Я впервые слышал об этом и не мог не признать казус занятным.
– Но что это даёт против Макэвоя? – пробубнил я в свой стакан.
– Возможно, как я и говорил, это ничего не даёт, а возможно, Макэвой намеренно сказал именно так, потому что хотел, чтобы его не ассоциировали с моряками.
Адам замолчал и продолжал ещё долго разглядывать маячный шпиль, а я всё никак не мог осмыслить предложенный моим другом странный софизм.
Что с того, если я буду связывать Макэвоя с моряцким делом? И тут я представил: Хью Макэвой на краю скалы, в левой руке его острое зубчатое копьё. Он становится в позу – правая нога впереди, левая сзади – и, прицелившись, пускает гарпун по воздуху.
Я вновь присел. Глянул на Адама, тот закинул руки за голову, и можно было решить, что он беззаботно сибаритничает, потягивая виски, наслаждаясь свежим воздухом. Но он хмурился, а кончик его носа то и дело дёргался. Это были явные признаки, что мой друг учуял след, как самая упрямая ищейка, как птицы на судне начинают биться о прутья клеток, чуя землю.
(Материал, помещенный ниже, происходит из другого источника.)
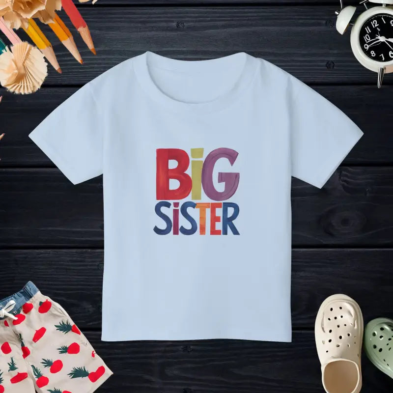 Big sister Heavy Cotton Toddler T-shirt. The Gildan 5100P Heavy Cotton™ tee for toddlers brings incredible style and ecologic sensibility to the table. Made with 100% cotton (Sport Grey is 90/10 cotton/polyester), each tee offers top-tier softness to the touch. Meanwhile, the classic width and rib collar add a nice touch of style and all-day comfort. Gildan is a proud member of the US Cotton Trust Protocol and each tee is printed with OEKO-TEX certified, low-impact dyes.

У Адама был дар не доверять людям, а я как раз против этого и борюсь, если помните. Но сейчас я признавал: мы не могли верить людям, которым верили ещё вчера.
Я вновь начал рассуждать вслух:
– Значит, полиция располагает весьма скудной информацией, а конкретно знает только про Джона Макэвоя. Мы же выяснили, что неподалёку от маяка находились ещё и Ровена с Саймоном Расселом. Теперь, полагаю, в список тех, кто остался незамеченным, входит и Хью Макэвой?
– Почему ты так решил?
– Потому что он врал. Потому что он моряк. Потому что он мог выйти из дома и всадить гарпун в Кампиона. – Прищёлкнул я пальцами, словно собираясь сплясать на радостях.
– А ещё потому, что ты начал ревновать.
Адам способен бить по больному, не зная милости. Порой мне казалось, что ему это нравится, но я не спешил его в этом винить. Я посчитал, что будь я сообразительнее и будь у меня такой же недалёкий друг, каким был я для Адама, то поступал бы с ним так же. Удивительно, кто-то же придумал фразу «близ умного дети и не учась читают». То ли Адам не шибко умный, то ли я ещё слабо развит.
– Я не ревную Джуди к Макэвою, – сказал я.
– Но тебе бы не хотелось, чтобы сказанное им оказалось правдой, верно?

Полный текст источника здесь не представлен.